Looking inside, we see that the PCB is a little smaller than the case itself and has a fair amount of empty space. It would have been very viable to make the ATA quite a bit smaller, although it may have compromised its aesthetics slightly. The PCB is V1.5A and has all the components laid out rather neatly with generous spacing. It is clear when compared with the HT702 and the SPA112 that this design is more integrated. It’s good to see that the line protection polyfuses (F1-F4) that were in the HT702 (and not in the SPA112) are also present in this design, as this is a relatively inexpensive way to ensure that faults with any telephone device connected to the unit don’t cause hazardous situations and provide a little more protection for the line codec. However, it seems that this PCB omits many diodes which were used as reverse polarity protection in the HT702, instead, relying on the USB power supply to be intrinsically “keyed” to prevent reverse polarity connection. This is appropriate, as long as you don’t have any mis-wired USB ports, and it probably avoids any voltage-drop problems. As usual, there’s a row of through-hole pads for test/debug.
Rather interestingly, the design has just a single electrolytic capacitor from Teapo. This particular brand isn’t particularly special, but their capacitors are quite acceptable. It seems to have had a black paint applied to the top which I could scratch off with a fingernail. There are two additional places for electrolytic capacitors to be fitted, but they were omitted. One of them seems to be for bypassing the USB power input, and another seems to be bypassing a regulator output – their omission is probably not ideal, since the USB cable inductance could cause issues, and the regulator might not be as happy with the smaller MLCC ceramic capacitor installed.

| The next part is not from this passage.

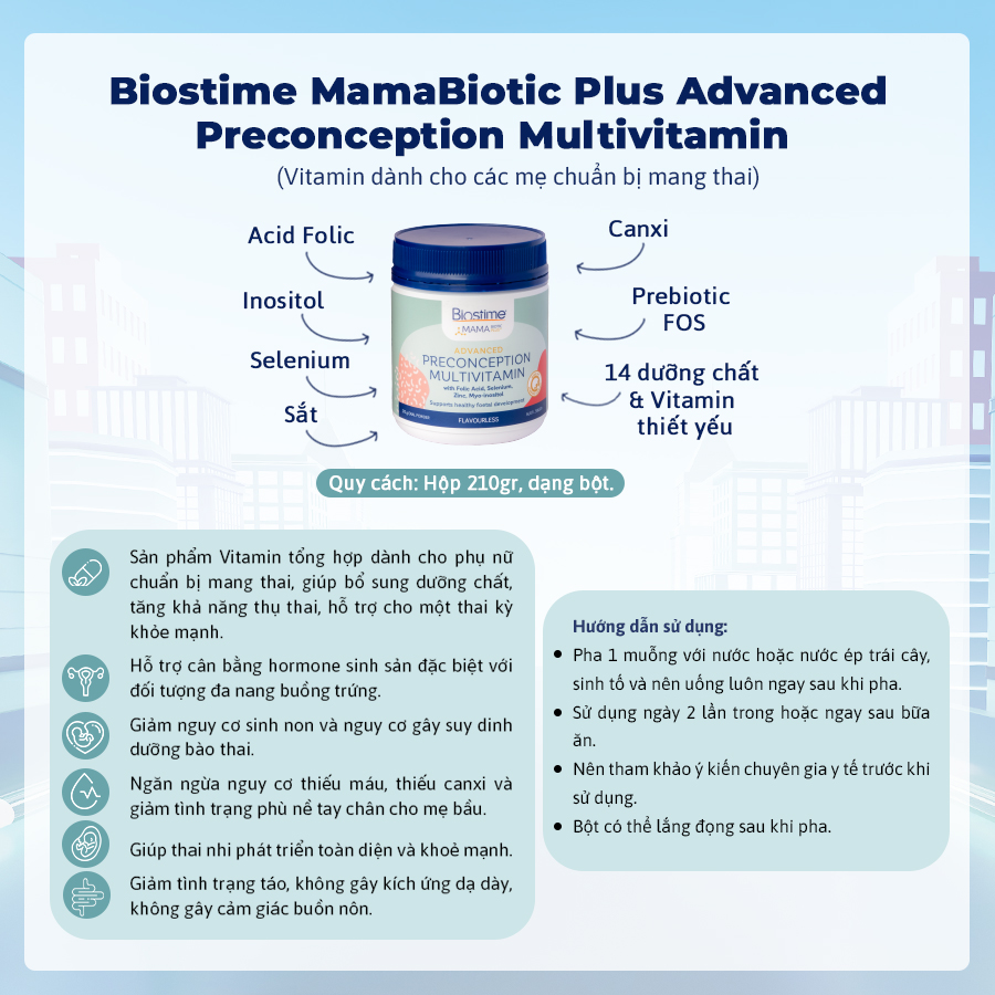 Biostime MamaBiotic Plus Advanced Preconception Multivitamin (Vitamin dành cho các mẹ chuẩn bị mang thai)

However, it doesn’t seem to cause any problems, and reducing the number of electrolytics generally means improved lifetime/reliability as they are one of the more temperature-sensitive components.

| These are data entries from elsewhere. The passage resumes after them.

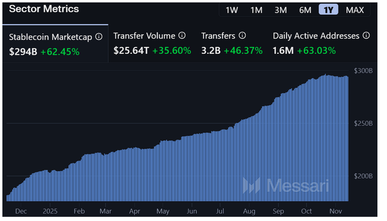 数据来源:Messari Stablecoins链上数据同样展示了稳定币市场的成熟面貌。Messari 的追踪显示,过去一年稳定币链上转移规模超过 25 万亿美元,累计转账笔数突破 32 亿,活跃地址达到 160 万,增幅均在 30%–60% 区间。这些增长并非由投机推动,而是来自跨链清算、交易所结算、企业付款、链上托管与跨境汇款等真实场景——每一类都属于高频、刚需、可持续的价值传递需求。
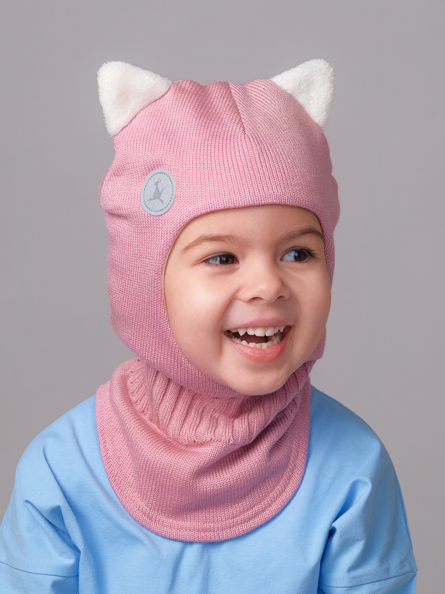 Шлем весенний/осенний вязаный (Розовый рашаль) КИС
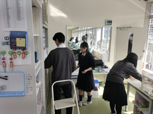 大学入学準備講座を午前中に終了し、昼食を終えた生徒たちが参加しました。小論文添削に面接練習と、日頃から指導してくださっている進学担当の先生方も参加しての清掃活動となりました。受験勉強中に使用したライブラリーなどの教室への感謝の気持ちを込めて取り組みました。掃除した後は、参加者全員で集合写真を撮って解散となりました。
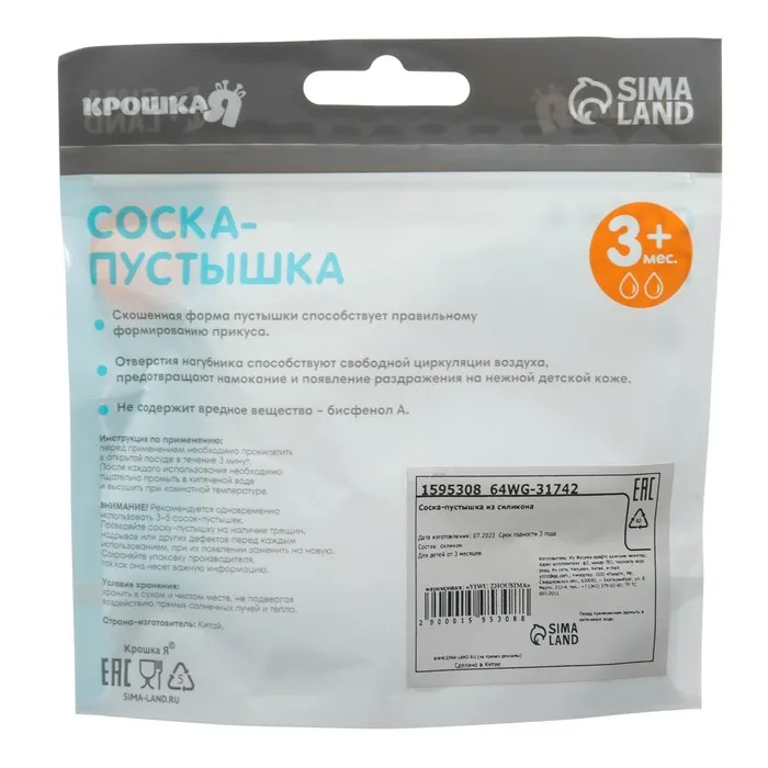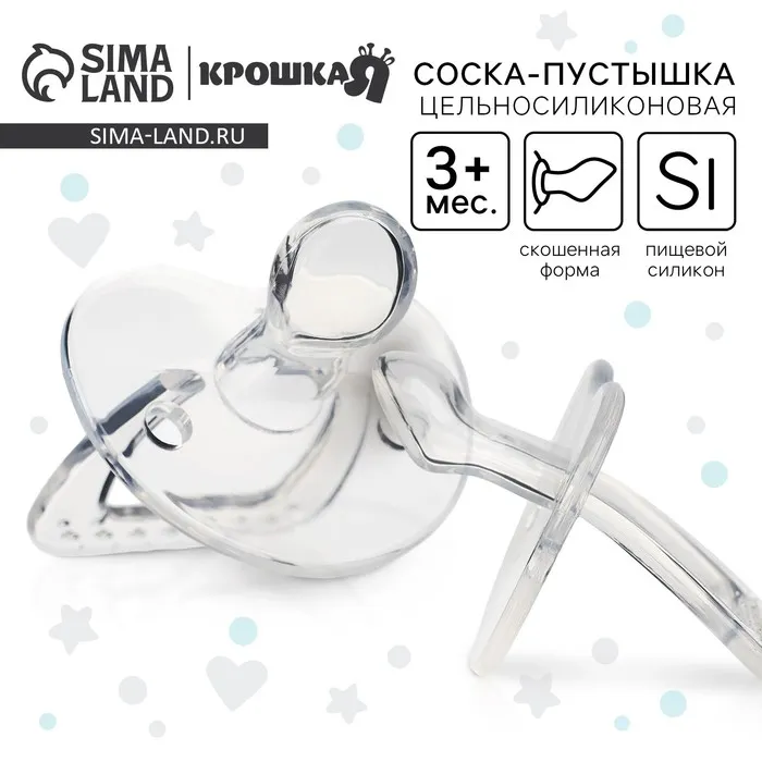 Соска - пустышка цельносиликоновая ортодонтическая Крошка Я, от 3 мес., прозрачный — Характеристики

Onto the “heart” of the ATA. In this case, the ATA is powered by the DSPGroup DVF9918 chipset, an upgraded version of the DSPGroup DVFD8187 used in both the HT702 and SPA112 ATAs. This chipset features a dual-core 400Mhz CPU (rather than the 220Mhz CPU + 120Mhz DSP in the older one). It also features a hardware crypto engine, which should improve performance for encrypted (TLS/SRTP) calls and provisioning and secure boot which should ensure firmware integrity which is probably quite important seeing the IoT device botnets as of late. It has a QSPI interface for faster interface with firmware flash, and support for up to 6-lines (only two available in this model). The codec support of the chipset is claimed to be “G.711, G.722, G.723.1, G.729A/B, iLBC, G.722.2 and more”. Seeing a better chipset in a product at a similar price-point to the others is a very nice perk, as it’s likely to be better supported, more flexible, and more performant. Just having this chipset has reduced the chip-count and crystal-count as well, which reduces costs for the manufacturer.
The chipset is paired to an Etrontech EM63A165TS 16Mx16 (32MiB) 166Mhz SDRAM. The firmware is contained within a GigaDevice 25Q128CSIG 128Mbit (16MiB) QSPI NOR Flash chip. Ethernet 10/100Mbit/s physical layer is provided by a Microchip KSZ8081, as in the HT702.

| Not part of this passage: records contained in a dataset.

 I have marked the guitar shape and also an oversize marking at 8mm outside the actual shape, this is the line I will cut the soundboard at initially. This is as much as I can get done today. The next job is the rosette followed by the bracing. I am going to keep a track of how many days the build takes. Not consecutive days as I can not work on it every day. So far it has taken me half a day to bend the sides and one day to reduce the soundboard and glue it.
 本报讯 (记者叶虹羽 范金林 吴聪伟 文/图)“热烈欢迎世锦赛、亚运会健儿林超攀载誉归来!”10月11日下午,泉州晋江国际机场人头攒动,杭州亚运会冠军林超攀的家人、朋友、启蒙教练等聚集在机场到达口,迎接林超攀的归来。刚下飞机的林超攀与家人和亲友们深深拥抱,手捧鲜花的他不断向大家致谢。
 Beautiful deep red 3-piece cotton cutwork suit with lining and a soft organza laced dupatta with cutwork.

A big improvement and integration has been the use of a Silicon Labs Si32260-FM2 ProSLIC as the phone line interface. Compared with previous Silicon Labs devices, the one chip now handles two lines, performing all functions necessary to handle the lines while reducing power consumption and parts count. Specific features for this chipset include ultra-low power consumption, patented low-power ringing which may have been the enabling factor in making this unit operate off the restricted power available from a 5V/1A USB-style charger. It also claims wideband voice support, although this is probably not so applicable as many phones may not have enough frequency response to take advantage of it.
The underside features a few diodes, transistors and capacitors. There are two areas where silkscreen paint is generously applied.
This matches up with the wall-mounting brackets on the rear, so that if any screw were to have made it through the casing, there would be at least two more layers of insulation – silkscreen print and solder resist. This shows that they have paid much attention to insulation and maximising user safety – after all, these units could be hooked up to long internal house-wiring instead of being directly connected to a device, so could be vulnerable to high voltages – e.g. lightning impulses and static discharges.
Since this unit was given to me for review, I decided to also take a look at the power adapter. Normally such an investigation ends in tears with a destroyed case and lots of effort in trying to crack it open, however, in this case, it turns out there’s one screw (not a security sort) and a little bit of squeezing between us and the circuit-board inside.
The screw in question is underneath the label, in one of the corners. I’m not sure such an arrangement is as sturdy or safe as needed, but at least we can look inside. The rear of the plug pins has been covered internally with a plastic shield so that the soldered wire joints are not going to make accidental contact with the PCB. The PCB is wedged in place with some foam-rubber pads and sits in rails in the casing.
The board can easily be slid out of the case, which reveals a PCB with copious amounts of silicone goop applied to secure wire-ends, however poorly done, especially on the live/neutral wires making them virtually ineffective.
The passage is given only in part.